One of the boats anchored some quarter of a mile away to bottom-fish, and I was hoping that it would leave before Angel showed.
    By five o'clock the wind had died down and the seas were again very calm. My friend the Mexican fisherman had pulled anchor and headed back south.
    Again I was getting a little nervous. There had been no sign of the
Rosita Maria,
and I knew that daylight would not be lasting for more than another two and a half or three hours at the very most.
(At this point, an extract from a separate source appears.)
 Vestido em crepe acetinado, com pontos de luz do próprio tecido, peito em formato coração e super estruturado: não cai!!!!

Finding each other in the dark would be impossible.
    Some half hour later I had the first strike of the day, and when I heard the reel singing Out on the port fishing rod, I quickly cut the engines and went for the pole.
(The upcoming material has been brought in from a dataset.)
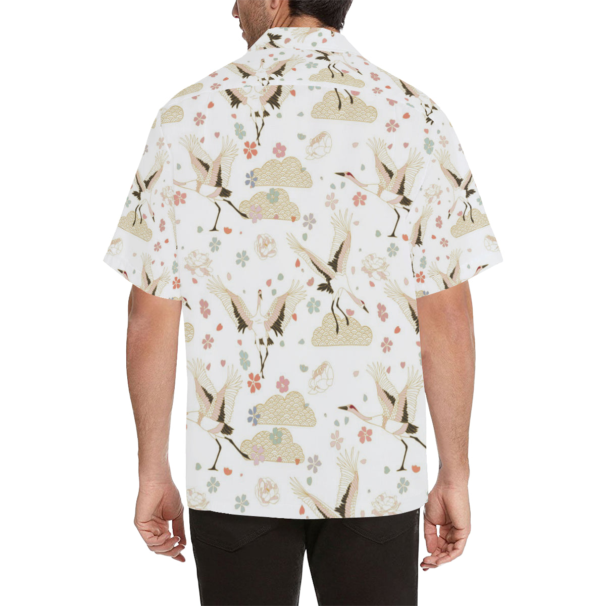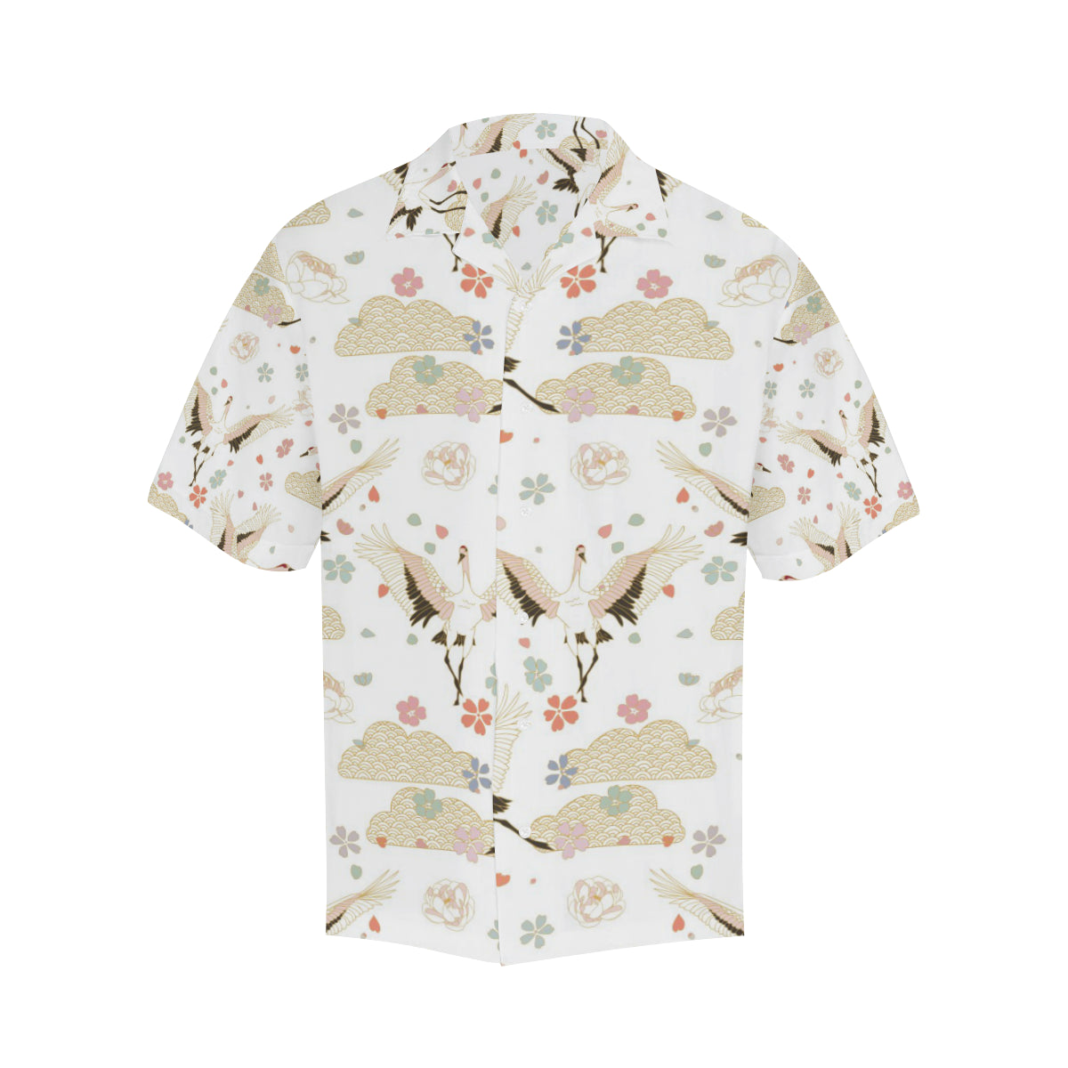 Beautiful Japanese cranes pattern Men's All Over Print Hawaiian Shirt is a uniqued design and limited item. It made to order, hand printed, and sewn with love in our factory.

    The line was still running out, and whatever had hit had taken the nine-inch, silver drone spoon and was well hooked. I gradually set the drag. It must have been big, because he stripped off some two hundred yards of line before I was able to turn him, and then for the next thirty minutes I was so busy that I wasn't aware of anything but the fish at the end of that line.
    I thought at first I might have hooked into a small marlin. The fish didn't surface, and by the time I'd managed to reel him in to where I could get a look at him, I realized that I had hooked a thirty or thirty-five pound albacore.
    It wasn't until I had gaffed him and was lifting him over the stern rail that I became aware of the boat which had approached while I'd been busy fighting the fish. I looked up, and there was the
Rosita Maria,
anchored less than a half a mile away. I dumped the fish into the tank, then I picked up the glasses and searched around the horizon.